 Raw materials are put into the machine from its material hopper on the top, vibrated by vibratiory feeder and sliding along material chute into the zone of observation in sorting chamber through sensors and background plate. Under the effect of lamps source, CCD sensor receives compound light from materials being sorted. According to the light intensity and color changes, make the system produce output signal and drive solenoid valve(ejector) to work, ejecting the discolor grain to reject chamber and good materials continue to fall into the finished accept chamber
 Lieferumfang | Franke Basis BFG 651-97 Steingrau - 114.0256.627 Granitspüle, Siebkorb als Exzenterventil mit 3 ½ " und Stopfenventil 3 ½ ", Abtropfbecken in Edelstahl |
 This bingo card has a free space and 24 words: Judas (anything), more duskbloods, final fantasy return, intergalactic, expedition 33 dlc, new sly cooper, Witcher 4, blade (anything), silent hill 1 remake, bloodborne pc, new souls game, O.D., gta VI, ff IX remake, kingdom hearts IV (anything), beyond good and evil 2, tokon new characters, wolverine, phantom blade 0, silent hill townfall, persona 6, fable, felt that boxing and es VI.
--
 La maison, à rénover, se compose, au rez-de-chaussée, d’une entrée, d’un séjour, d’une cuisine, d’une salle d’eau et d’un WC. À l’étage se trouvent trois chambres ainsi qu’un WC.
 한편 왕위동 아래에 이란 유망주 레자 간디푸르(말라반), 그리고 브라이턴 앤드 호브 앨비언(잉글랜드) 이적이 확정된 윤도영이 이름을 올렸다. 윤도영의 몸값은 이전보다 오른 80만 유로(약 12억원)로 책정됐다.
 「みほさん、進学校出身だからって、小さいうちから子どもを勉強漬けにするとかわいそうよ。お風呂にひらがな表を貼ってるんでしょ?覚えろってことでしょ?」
---
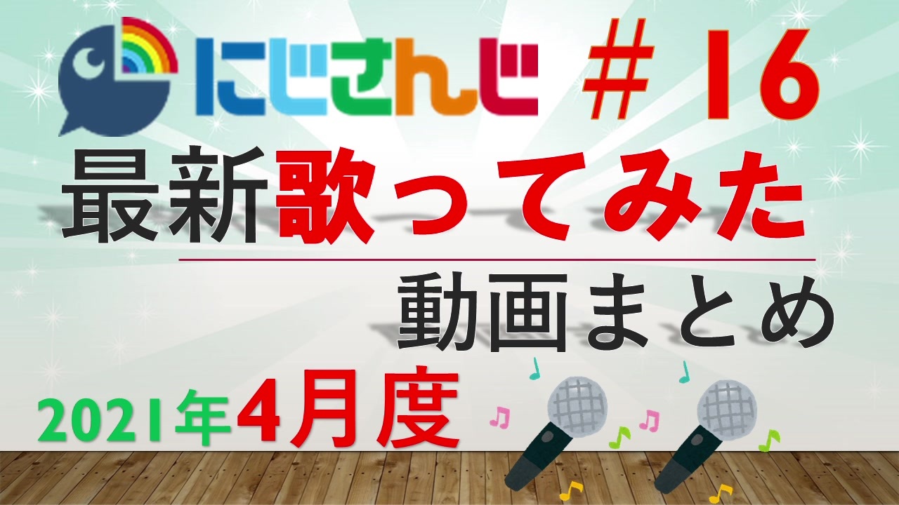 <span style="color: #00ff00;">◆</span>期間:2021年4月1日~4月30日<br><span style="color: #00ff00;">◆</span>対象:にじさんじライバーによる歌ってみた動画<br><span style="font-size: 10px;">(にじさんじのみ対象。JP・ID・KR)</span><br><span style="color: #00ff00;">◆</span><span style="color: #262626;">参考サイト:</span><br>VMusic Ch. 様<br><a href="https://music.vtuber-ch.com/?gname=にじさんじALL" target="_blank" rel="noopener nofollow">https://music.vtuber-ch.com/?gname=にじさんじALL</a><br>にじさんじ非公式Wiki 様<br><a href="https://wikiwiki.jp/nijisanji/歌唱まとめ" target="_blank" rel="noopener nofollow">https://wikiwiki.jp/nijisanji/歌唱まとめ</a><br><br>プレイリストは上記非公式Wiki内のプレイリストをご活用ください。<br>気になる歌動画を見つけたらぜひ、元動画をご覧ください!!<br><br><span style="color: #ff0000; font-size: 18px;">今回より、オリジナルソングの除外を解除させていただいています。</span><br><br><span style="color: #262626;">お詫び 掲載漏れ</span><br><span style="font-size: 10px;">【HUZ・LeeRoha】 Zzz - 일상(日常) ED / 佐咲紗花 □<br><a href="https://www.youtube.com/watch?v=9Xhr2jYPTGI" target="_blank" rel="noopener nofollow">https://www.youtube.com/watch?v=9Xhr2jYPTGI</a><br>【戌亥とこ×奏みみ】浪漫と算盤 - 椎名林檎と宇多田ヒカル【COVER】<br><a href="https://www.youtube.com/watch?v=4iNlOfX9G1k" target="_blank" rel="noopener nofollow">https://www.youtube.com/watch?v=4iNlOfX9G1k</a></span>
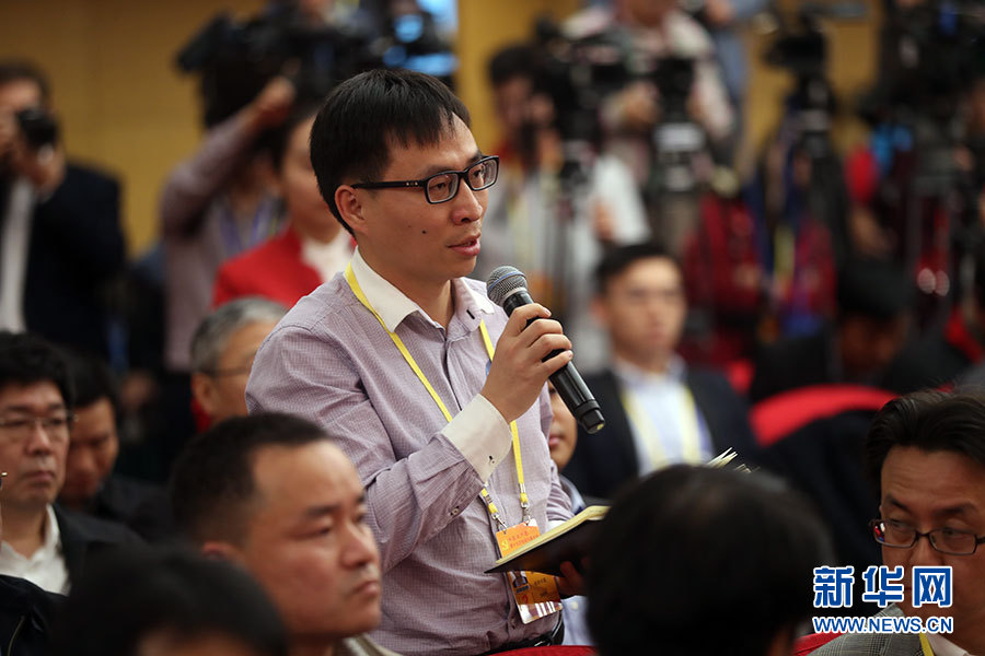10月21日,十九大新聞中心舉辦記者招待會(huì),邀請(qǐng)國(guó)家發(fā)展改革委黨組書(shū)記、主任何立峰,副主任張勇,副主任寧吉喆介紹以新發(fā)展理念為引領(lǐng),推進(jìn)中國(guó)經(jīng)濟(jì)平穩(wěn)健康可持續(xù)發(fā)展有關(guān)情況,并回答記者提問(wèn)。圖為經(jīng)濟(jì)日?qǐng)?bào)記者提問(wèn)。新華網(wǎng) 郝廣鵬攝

### Exercise requirements
Using the entries shown above, reproduce verbatim the lines from the line bearing "Lieferumfang | Franke" to the line bearing "This bingo card", inclusive.

### Result of the exercise
 Lieferumfang | Franke Basis BFG 651-97 Steingrau - 114.0256.627 Granitspüle, Siebkorb als Exzenterventil mit 3 ½ " und Stopfenventil 3 ½ ", Abtropfbecken in Edelstahl |
 This bingo card has a free space and 24 words: Judas (anything), more duskbloods, final fantasy return, intergalactic, expedition 33 dlc, new sly cooper, Witcher 4, blade (anything), silent hill 1 remake, bloodborne pc, new souls game, O.D., gta VI, ff IX remake, kingdom hearts IV (anything), beyond good and evil 2, tokon new characters, wolverine, phantom blade 0, silent hill townfall, persona 6, fable, felt that boxing and es VI.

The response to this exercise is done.